I can hear me asking the doctor now, “So is this baby going to be self-sufficient?”
These days, I’m pretty much in uber-single working-girl mode. And no, not the old-fashioned working-girl working girl.
That occupation does have quite the past out here in the wild west.
Lately, I’ve been as busy as the Pour House after the Thursday-night rodeo. Like a lot of people in this valley, I wear multiple hats. I’m a marketing coordinator, columnist and comic. I also have a pet that’s not a fish I consistently feed – a 12-year-old dog named Elwood. I’d say I’m kind of a mom to Elwood, except I get a little creeped out when people refer to themselves as parents of a pet.
I can only hope I will never birth anything as hairy as Elwood.
Which reminds me of something kooky I saw on the premier of “The Bachelorette” the other night. More than one of the bachelors made the creepy comment to their dogs that they were going to bring home a new “mommy” for them.

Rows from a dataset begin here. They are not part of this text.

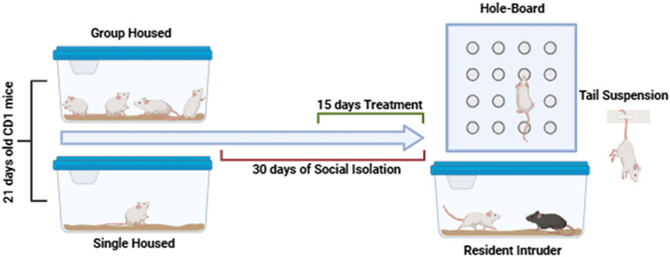 Male CD1 mice (Inotiv, Italy), weighing 16–18 g at study initiation, were used in this experiment. Animals were housed either individually (social isolation group) or in groups of 3-4 per cage (group-housed controls) under standardized laboratory conditions: 12-h light/dark cycle (lights on at 06:00), ambient temperature maintained at 20 °C–22 °C, and relative humidity of 55%–60%. All animals had ad libitum access to standard chow and tap water. Following a minimum 7-day acclimatization period, experimental procedures commenced. All experimental protocols were approved by the Animal Ethics Committee of the University of Campania “Luigi Vanvitelli”, Naples (Project Approval No. 24/2023-PR), in compliance with Italian (D.L. 116/92) and European (E.C. Directive 86/609/EEC) regulations for laboratory animal welfare. We implemented all necessary measures to minimize animal discomfort and optimize the experimental design to reduce the number of animals required. The health status of all animals was monitored throughout the entire study period to ensure both animal welfare and data integrity. This was performed through daily visual inspections by the research team and regular, formal health checks conducted by the institutional veterinary staff of the animal facility. Throughout the duration of the experiment, no signs of illness, distress, or other health-related complications were observed in any of the experimental groups.
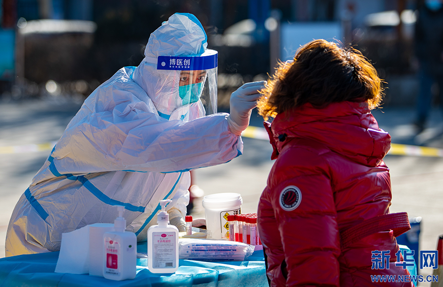 2月22日,在呼和浩特市玉泉区小召街道五塔寺广场临时核酸采样点,医护人员为市民进行核酸采样。新华网发(丁根厚 摄)
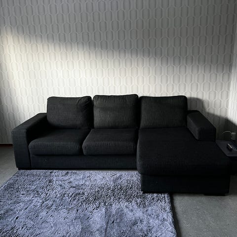 Superfin svart divansoffa. Inga revor eller sprickor. Väl omhändertagen. Djur och rökfritt hem.

Red flag, Ali the Bachelorette, red flag.
But the bachelor from Colorado said he just wanted to meet a woman who would go ice fishing with him. So maybe, since he was eliminated in the first round, the Colorado bachelor could help me with my new pet. He could help me feed it and pet it.

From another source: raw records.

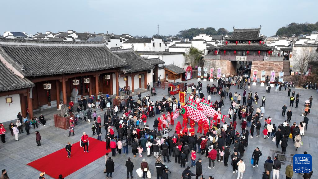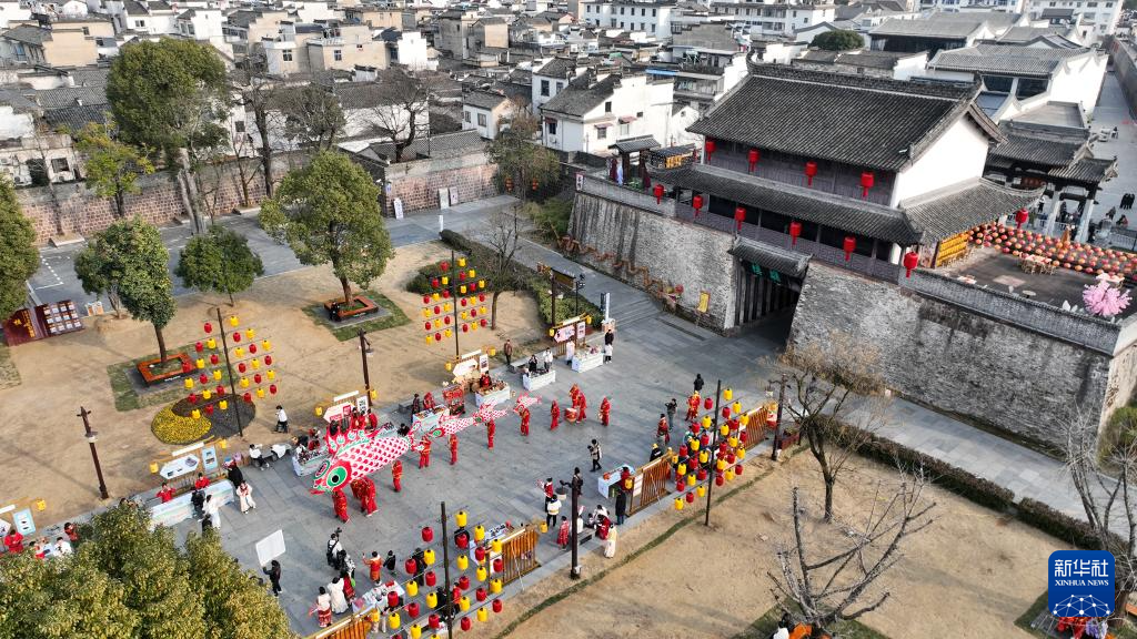 1月27日,黃山市歙縣徽州古城舉行魚燈巡游(無人機照片)。
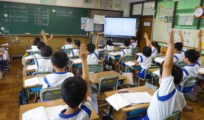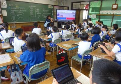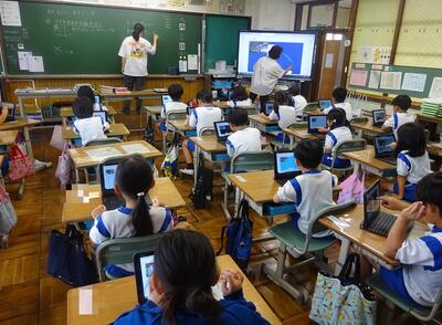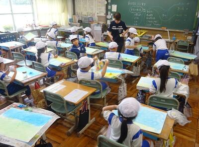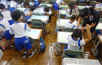 2年3組は、タブレットで夏休みの思い出の絵を描いていました。
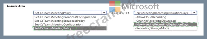 Question 41: Your company uses Microsoft Teams. You have a meeting policy...
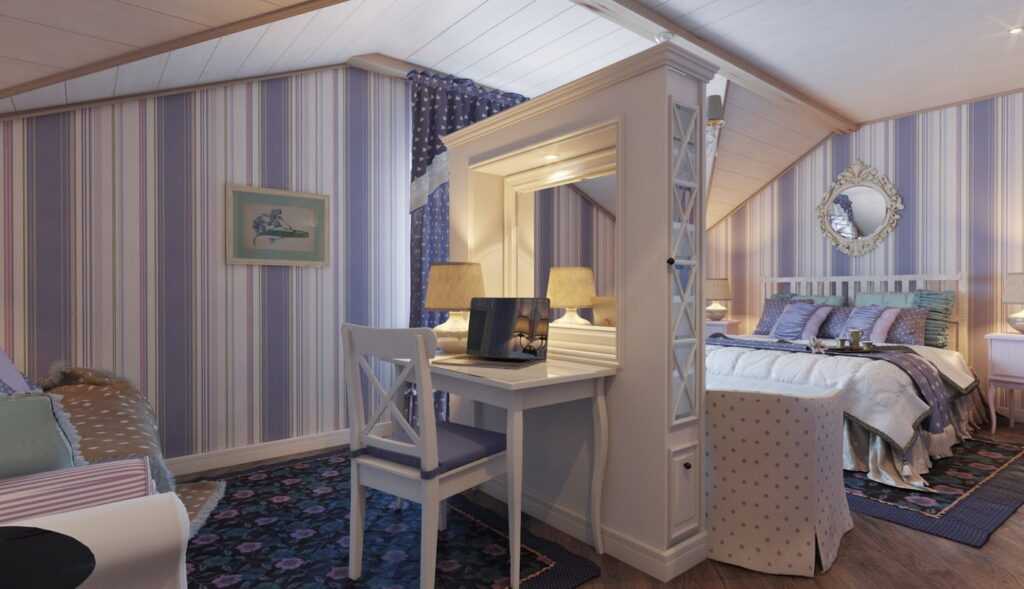 От мебели же с резными ножками и спинками стоит отказаться, дополнив интерьер классическими однотонными диванчиками. Кровать может иметь изысканное изголовье, однако его витиеватые узоры должны повториться в перегородке или подушках на диване.

Maybe I could become his dog’s new mommy.
Except I’m sure I’ve lost my domestic touch. As a married woman, I was all about being domestic. I shopped for khakis and golf shirts for my hubby. I hosted wedding and baby showers, making bite-sized food for the masses in my Cracker-Jack house’s kitchen. I totally wore Mom jeans and vests with cats and flowers on them. I rocked a mean pair of bangs with my awkwardly styled short hair. I was a full-blown Mrs., down to the color-coordinated oven mitts and kitchen towels and brand spanking-new Diaper Genie in the closet for that baby I would someday birth. Back then, I made enough “sweetish” meatballs and deviled eggs to feed a traveling carnival.
Which reminds me of the time, I was at the Holy Spirit Festival in Indiana and my best friend Megan and I decided we would ride the bumper cars after closing time. Keep in mind we were wearing those feathers with roach clips all the girls wore in their hair in the ’70s-early ’80s. We won them playing ring toss. Didn’t win the goldfish. The bumper car guy must’ve been impressed with our carni fashion because he let us ride for free. It was pretty spectacular.

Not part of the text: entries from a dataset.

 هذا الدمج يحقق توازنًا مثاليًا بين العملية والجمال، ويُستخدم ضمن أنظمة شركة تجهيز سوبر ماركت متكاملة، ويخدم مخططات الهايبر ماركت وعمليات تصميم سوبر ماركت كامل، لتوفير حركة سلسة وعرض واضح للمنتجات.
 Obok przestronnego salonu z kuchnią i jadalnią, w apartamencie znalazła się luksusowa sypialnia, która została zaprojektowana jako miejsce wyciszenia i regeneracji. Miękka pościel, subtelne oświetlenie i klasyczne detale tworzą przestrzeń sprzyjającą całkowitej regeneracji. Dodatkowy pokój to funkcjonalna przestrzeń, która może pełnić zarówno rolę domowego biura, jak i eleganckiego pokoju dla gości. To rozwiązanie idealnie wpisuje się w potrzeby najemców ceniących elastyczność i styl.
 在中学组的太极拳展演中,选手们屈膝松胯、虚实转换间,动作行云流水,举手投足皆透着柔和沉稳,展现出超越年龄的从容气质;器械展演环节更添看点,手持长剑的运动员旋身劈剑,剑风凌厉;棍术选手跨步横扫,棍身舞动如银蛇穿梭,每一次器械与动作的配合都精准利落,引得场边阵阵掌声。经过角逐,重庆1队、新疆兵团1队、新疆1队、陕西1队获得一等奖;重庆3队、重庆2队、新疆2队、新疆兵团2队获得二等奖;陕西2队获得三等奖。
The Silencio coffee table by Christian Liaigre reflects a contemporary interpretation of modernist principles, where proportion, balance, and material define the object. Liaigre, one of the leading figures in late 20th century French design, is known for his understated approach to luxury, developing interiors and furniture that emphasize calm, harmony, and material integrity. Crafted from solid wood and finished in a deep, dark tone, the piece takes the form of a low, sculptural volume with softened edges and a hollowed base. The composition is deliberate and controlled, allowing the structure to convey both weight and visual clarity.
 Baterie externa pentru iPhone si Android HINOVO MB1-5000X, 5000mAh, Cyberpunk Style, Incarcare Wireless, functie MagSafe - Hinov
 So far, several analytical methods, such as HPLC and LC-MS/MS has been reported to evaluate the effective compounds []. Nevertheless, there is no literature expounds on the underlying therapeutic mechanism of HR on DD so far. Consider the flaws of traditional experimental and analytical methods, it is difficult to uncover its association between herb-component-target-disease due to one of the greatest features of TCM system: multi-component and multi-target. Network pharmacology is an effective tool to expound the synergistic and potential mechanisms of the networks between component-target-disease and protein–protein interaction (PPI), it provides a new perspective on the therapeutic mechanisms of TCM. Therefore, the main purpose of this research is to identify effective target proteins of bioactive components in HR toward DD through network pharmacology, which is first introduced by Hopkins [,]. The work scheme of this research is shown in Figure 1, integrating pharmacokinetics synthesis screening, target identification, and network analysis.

Until he became very interested in our personal lives.
“You ladies having fun?” he asked.
“Yes!” we emphatically screamed from our bumper cars.
“You girls got boyfriends?” he prompted.
“No!” we yelled back. “We’re married!”
“And now you’re done,” he said.
Then he flipped the main switch to shut down the whole business. And no more bumper- car ride for us.
Maybe I lost my domesticity longer ago than I realize.